Home Sweet Home

So yes, as I alluded to the other day, I’ve found a new apartment. I had posted a request for any leads on housing in Manhattan about two weeks ago and within 12 hours of the post, I’d gotten a response from Eli about an apartment which is roughly the same size as my old place, but about $500 less per month. Though we did a token exploration of some other apartments, I knew pretty much immediately that we’d be taking the place.

And though my experience probably isn’t typical, I did use the episode as an illustrative example of the potential weblogs have to change one’s life when I was talking to New York magazine. But please note: The linked article contains the worst photo of me ever. I’m not a vain man, but I do actually own a comb, contrary to what that picture would indicate.

So the ignominy of being humiliated in public for my hair made me realize that there other parts of my life to which I should be applying Blog Power Career, personal life, housing, these have all been enriched through my site. But clearly my next goal should be to see if my weblog can improve my hairstyle. (For the record, they took five rolls of photos of me and still chose that image. I bet Gawker bloggers get approval on any image before it makes it into print.)
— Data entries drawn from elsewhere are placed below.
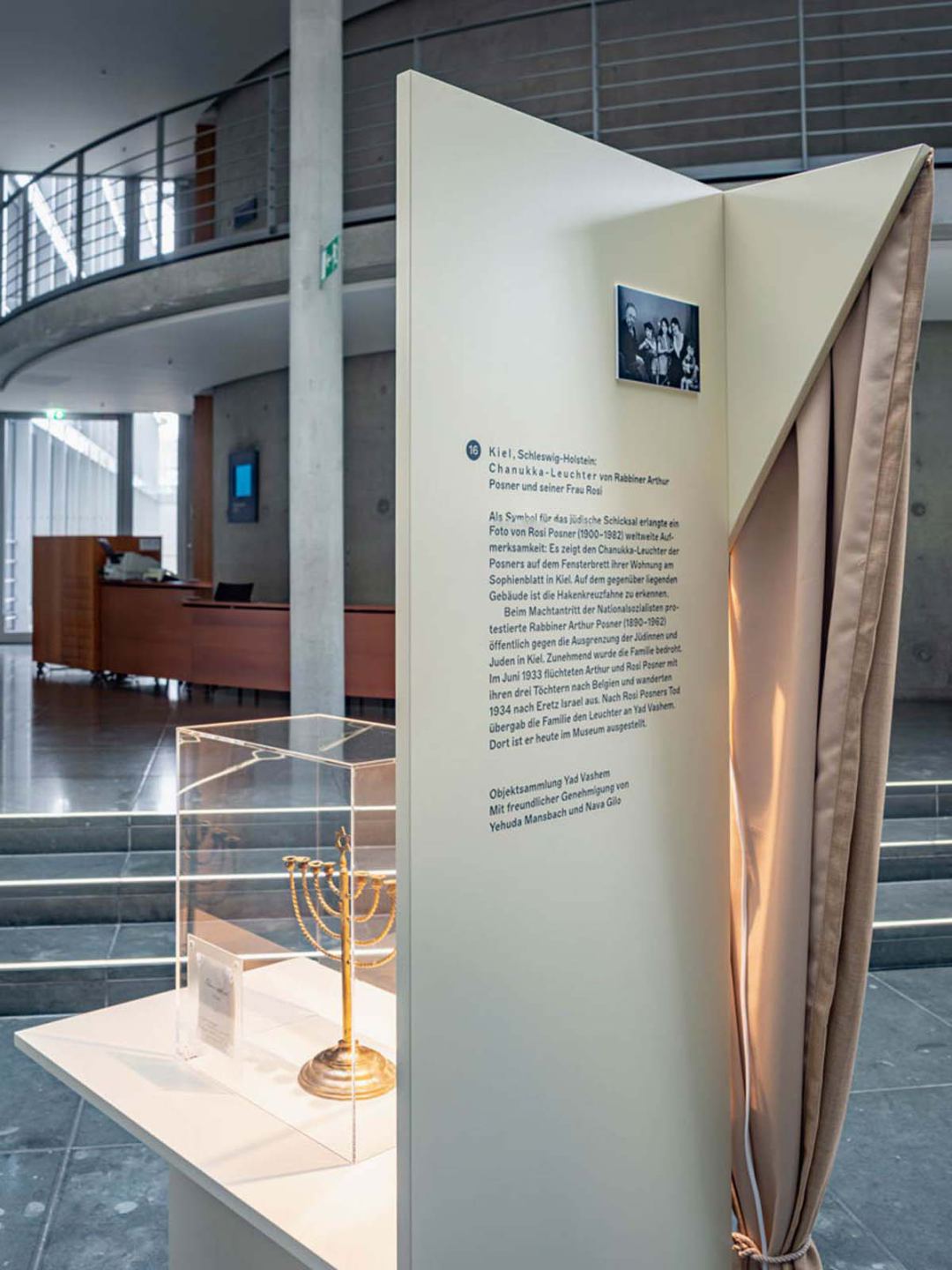 “Sechzehn Objekte” is an exhibition that delves into Jewish life in Germany and beyond during the Holocaust. Sixteen distinct objects, referring to the federal states of Germany and originally situated in the Holocaust Memorial Center Yad Vashem in Jerusalem, are returning to Germany for the first time to tell their stories and those of the individuals they belonged to. Curator Ruth Ur has placed a strong emphasis on elevating these objects to the forefront while complementing their significance with a sensitive approach to providing additional context. The entire exhibition concept draws inspiration from an iconic photograph: a Chanukah chandelier, captured by Rahel Posner in 1931 in Kiel. This inspirational imagery guided the design of the exhibition’s architecture, which was designed by Kooperative für Darstellungspolitik. The compelling narrative of disintegration and reunification is an idea that has found its way into our graphic concept for the exhibition and all related media.
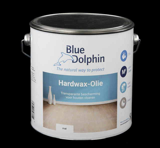 Blue Dolphin Mat hardwax-olie geeft het hout een zeer matte en natuurlijke uitstraling, de ‘onbehandelde look’. Deze olie bestaat hoofdzakelijk uit natuurlijke grondstoffen. De olie is geschikt voor de meeste houten oppervlakten met aanzuigend vermogen in binnenruimtes. Zoals houtenvloeren, parket, triplex- en OSB-platen en kurk. Wij raden aan om het product voor gebruik goed te schudden en roeren en eerst te testen op een proefstuk. Deze natuurlijke hardwax dient 2 lagen te worden gepoetst.
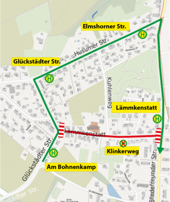 - (H) Elmshorner Straße, (H) Glückstädter Straße und (H) Lämmkenstatt (Linie 30)

But really, there should be no limit to the kinds of fringe benefits one can score through a weblog. After fixing my appearance, I’m going to see if my blog can help me score a free iPod. Or maybe a Segway, the very holiest weblog talisman. Sure, Howard Dean might get to be leader of the free world through his blog, but some day when I’m cruising past the White House on my Segway, the wind blowing through my neatly-coifed hair, tunes blaring from my iPod, that man’s gonna look out the window of the Oval Office and say, "man, I wish I had that guy’s blog."